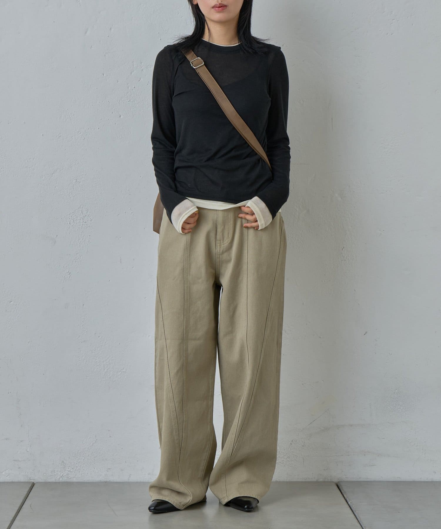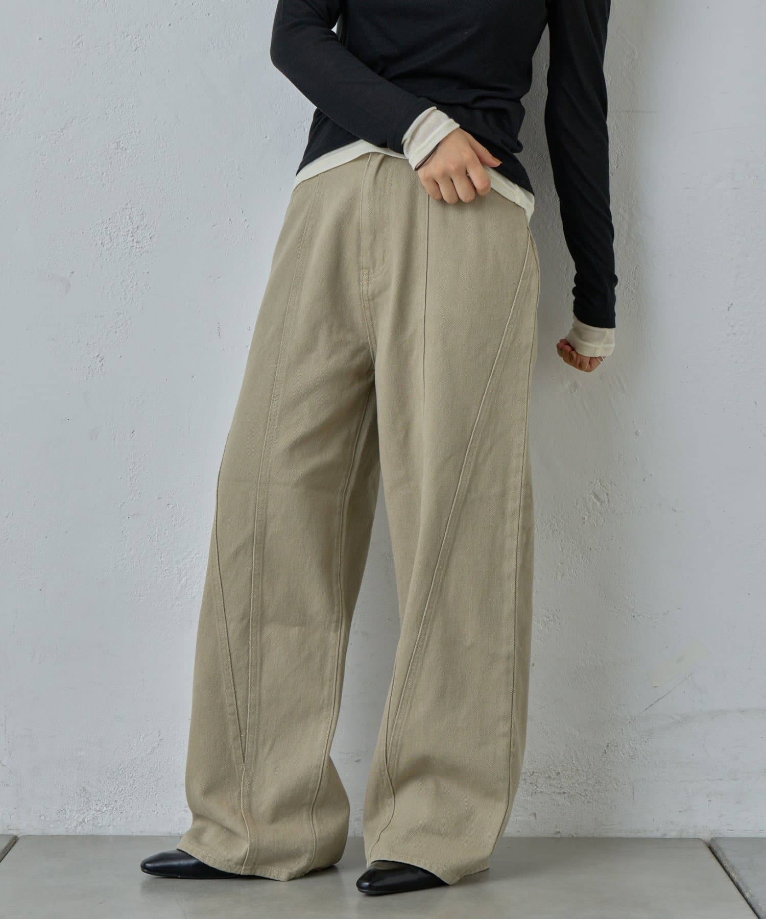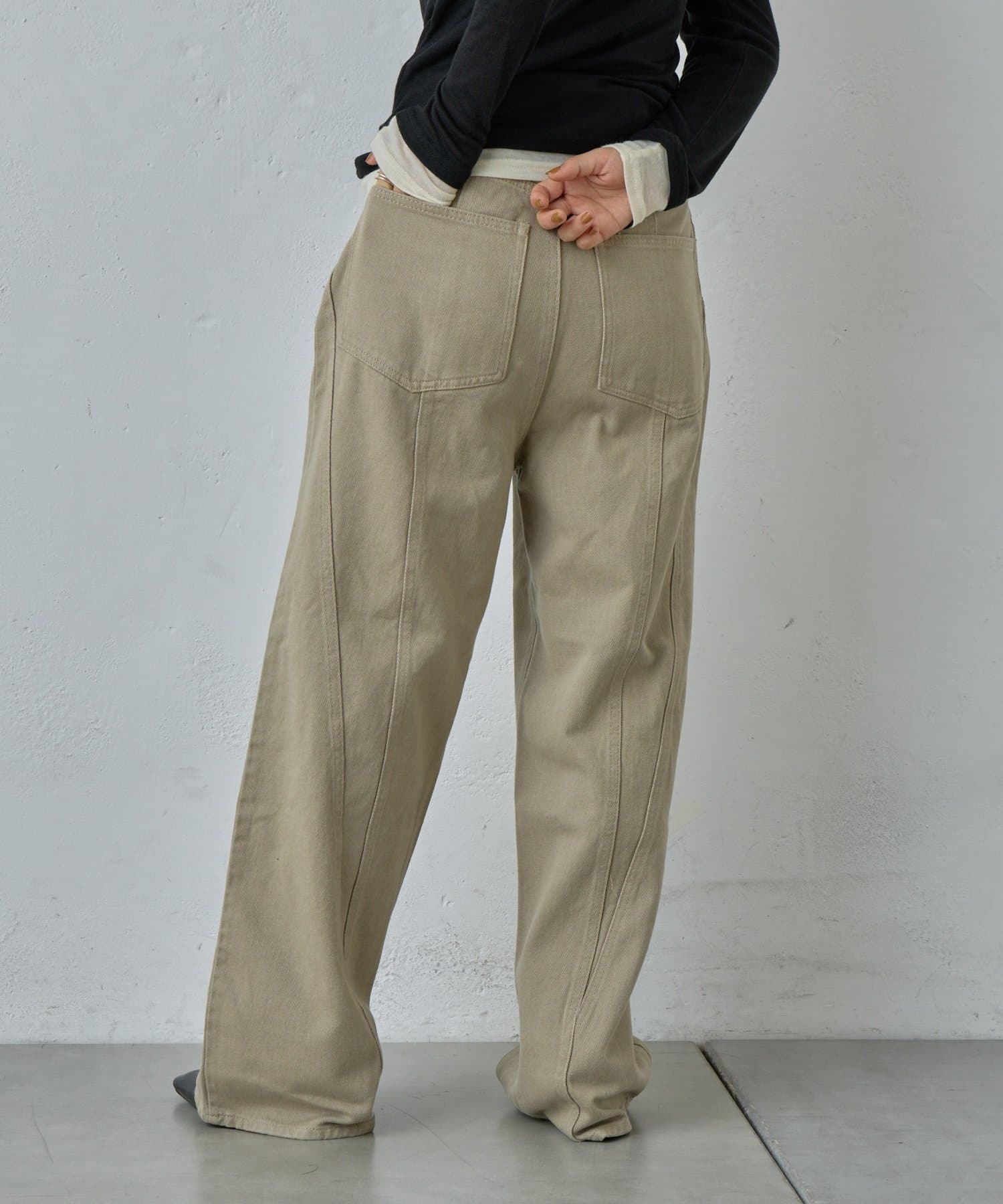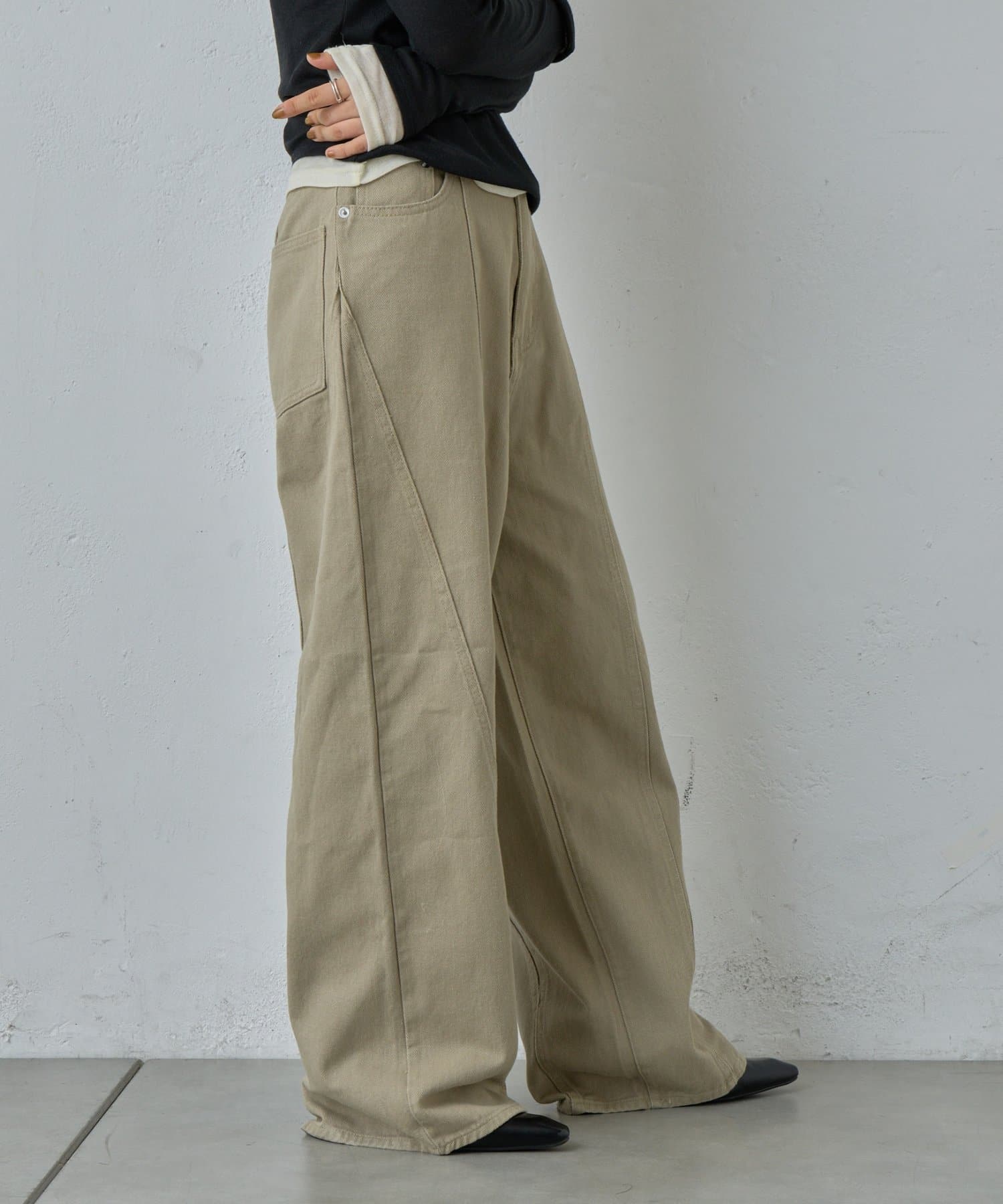 立体感のある切り替えデザインが特徴的なストレートパンツ
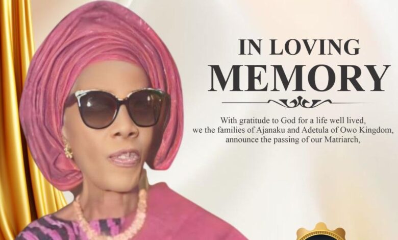 On Wednesday, April 15, 2026, a Service of Songs will be held at the Ayiwobu Conference Centre, Mydas Hotels & Resorts, Owo, Ondo State, from 4:00PM to celebrate the life and times of the revered Matriarch, while on Thursday, April 16, 2026, the Lying-in-State will begin at 2:00PM at the Ajanakus’ compound, Isolo Street, Owo.
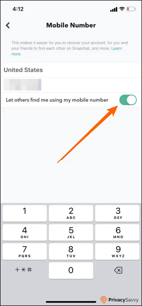- 在您的手机号码下方,取消选中该框上面写着“让其他人使用我的手机号码找到我”。
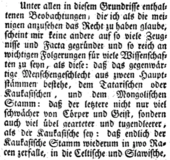 크리스토프 마이너스(Christoph Meiners)의 1785년 논문 '인류 역사의 개요(The Outline of History of Mankind)'는 코카서스인(카우카시쉬)이라는 용어를 더 넓은 인종적 의미로 사용한 최초의 작품이다. (텍스트 영어 번역을 보려면 이미지를 클릭하십시오)
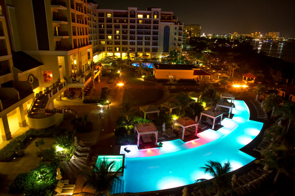 Atlantis, sur Paradise Island, aux Bahamas, est connue pour son grand parc aquatique qui remplit les journées de toboggans, de rivières paresseuses et de zones de jeux d’eau. Les forfaits familiaux comprennent souvent l’accès au parc et les repas, ce qui aide les familles à planifier leurs coûts avant de voyager. Les chambres vont des grandes suites aux chambres à thème amusantes pour les enfants.
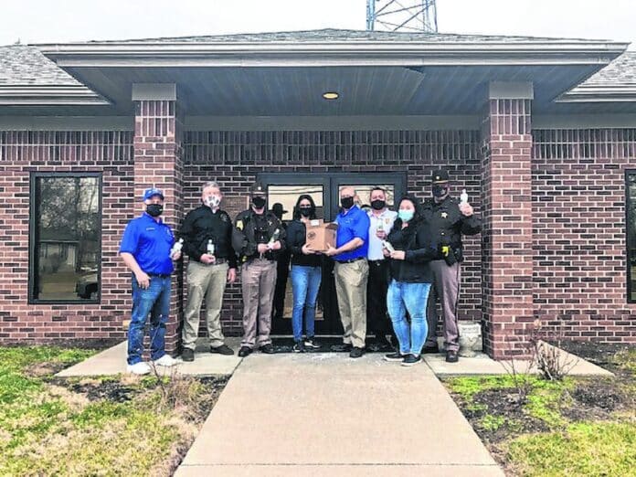 Bartholomew County Emergency Management recently received a donation of 15 cases of hand sanitizer from the St. John’s Masonic Lodge. Members Dirk Rader, Rocky Myers, and Matt Akers presented the sanitizer to local emergency officials, including director Shannan Cooke, deputy director Natalie Ferrenburg, Sheriff Matt Myers and Maj. Chris Lane, and Dave Thompson of the Columbus Township Fire & Rescue.
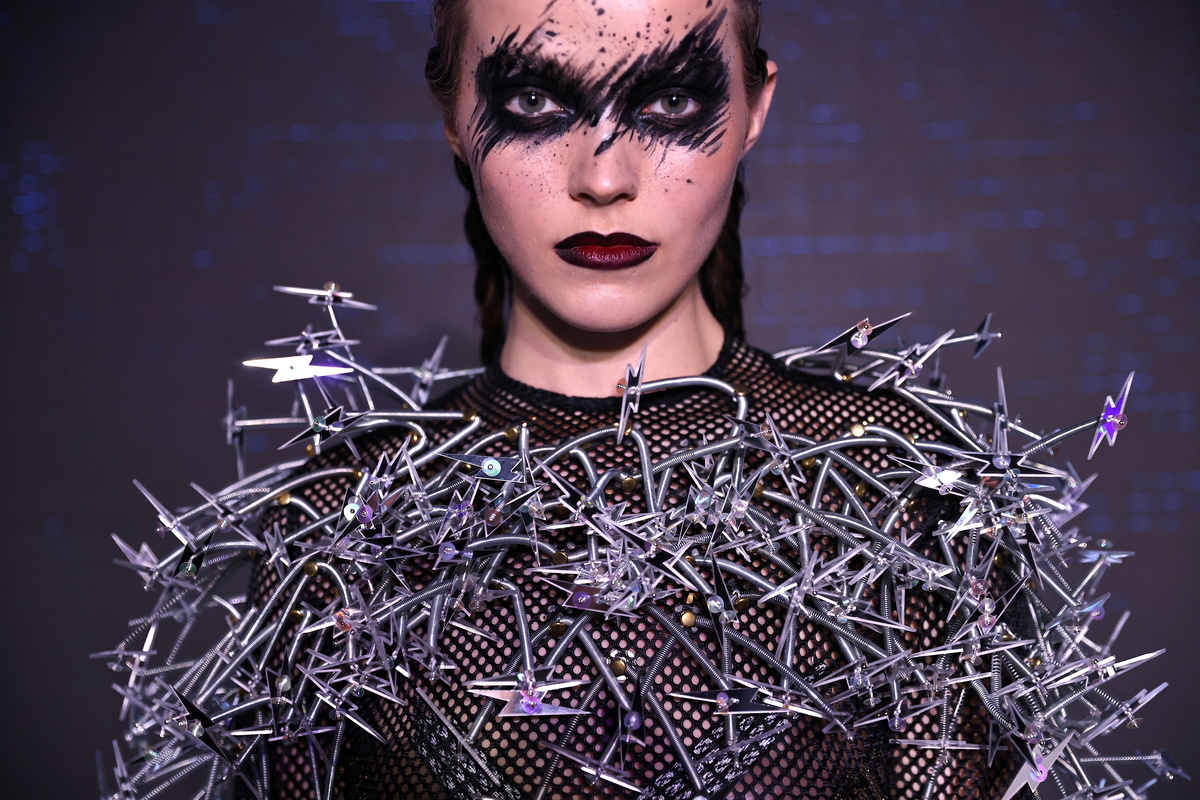 The wires and other materials are stitched onto dresses and other items of clothing, giving them a futuristic feeling, and drawing a warm reception at a fashion show in Taipei on Friday.
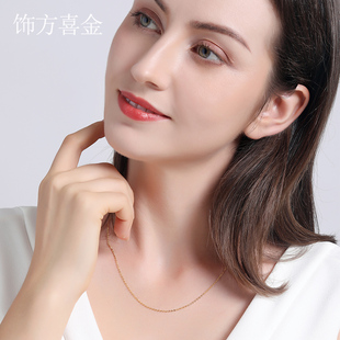 18K金项链女闪O字链AU750彩金玫瑰金黄金素链O字链白金锁骨链单链

·····

Work to complete » The lines from the one containing "The wires and" to the last line of the records, both included: print exactly those and nothing else, leaving out any pictures.

Response below »
 The wires and other materials are stitched onto dresses and other items of clothing, giving them a futuristic feeling, and drawing a warm reception at a fashion show in Taipei on Friday.
 18K金项链女闪O字链AU750彩金玫瑰金黄金素链O字链白金锁骨链单链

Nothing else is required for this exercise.